Mapped read statistics

This section contains simple statistics for all mapped reads, non-specific matches (reads that match more than place during the assembly), non-perfect matches (reads with one or more mismatches or gaps relative to the reference sequence) and paired reads.

Note! Paired reads are counted as two, even though they form one pair. The section on paired reads also includes information about paired distance and counts the number of pairs that were broken due to:

Each subsection contains a table that recapitulates the read count, % of all mapped reads, mean read length and total read length, and for some sections two graphs showing the distribution of match specificity or the distribution of mismatches.

Note that for the section concerning paired reads (see figure 26.16), the distance includes both the read sequence and the insert between them as explained in General notes on handling paired data.

Image paired_dist_plot
Figure 26.16: A bar plot showing the distribution of distances between intact pairs.

The following subsections give graphs showing read length distribution, insertion length distribution, deletion length distribution. Two plots of the distribution of insertion and deletion lengths can be seen in figure 26.17 and figure 26.18.

Nucleotide differences in reads relative to a reference gives the percentage of read bases that differ with the reference for all base pairs and a deletion. In the Nucleotide mapping section two tables give the counts and percentages of differences between the reads and the reference for each base. Graphs display the relative errors and errors counts between reads to reference and reference to reads, i.e., which bases in the reference are substituted to which bases in the reads. This information is plotted in different ways with an example shown here in figure 26.17.
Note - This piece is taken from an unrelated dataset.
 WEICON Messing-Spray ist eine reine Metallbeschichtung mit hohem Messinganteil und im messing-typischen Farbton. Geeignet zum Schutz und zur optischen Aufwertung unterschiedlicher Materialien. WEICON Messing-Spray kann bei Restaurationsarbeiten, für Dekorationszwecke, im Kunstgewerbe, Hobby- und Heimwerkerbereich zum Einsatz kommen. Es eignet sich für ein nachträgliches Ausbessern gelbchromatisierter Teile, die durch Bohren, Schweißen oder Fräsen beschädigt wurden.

Image detailedmapping_substition
Figure 26.17: The As and Ts are more often substituted with a gap in the sequencing reads than C and G.
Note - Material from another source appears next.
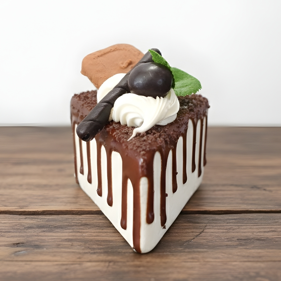 O produto é um enfeite decorativo com imã, em formato de fatia de bolo com chantilly, com tamanho de 10cm. É indicado para uso decorativo em superfícies metálicas, vitrines e composições temáticas.

This example shows for each type of base in the reference sequence, which base (or gap) is found most often. Please note that only mismatches are plotted - the matches are not included. For example, an A in the reference is more often replaced by a G than any other base.
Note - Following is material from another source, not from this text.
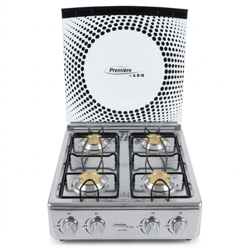 Estufa de mesa de 4 hornillas de acero inoxidable y tapa de vidrio.

Below these plots, there are two plots of the quality values for matches and quality values for mismatches. Next, there is a plot of the mismatch fraction for each read position. Typically with quality dropping towards the end of a read, there will be more mismatches towards the end as the example in figure 26.18 shows.

Image mismatchfraction
Figure 26.18: There are mismatches towards the end of the reads.

The last plots section deals with unaligned read lengths.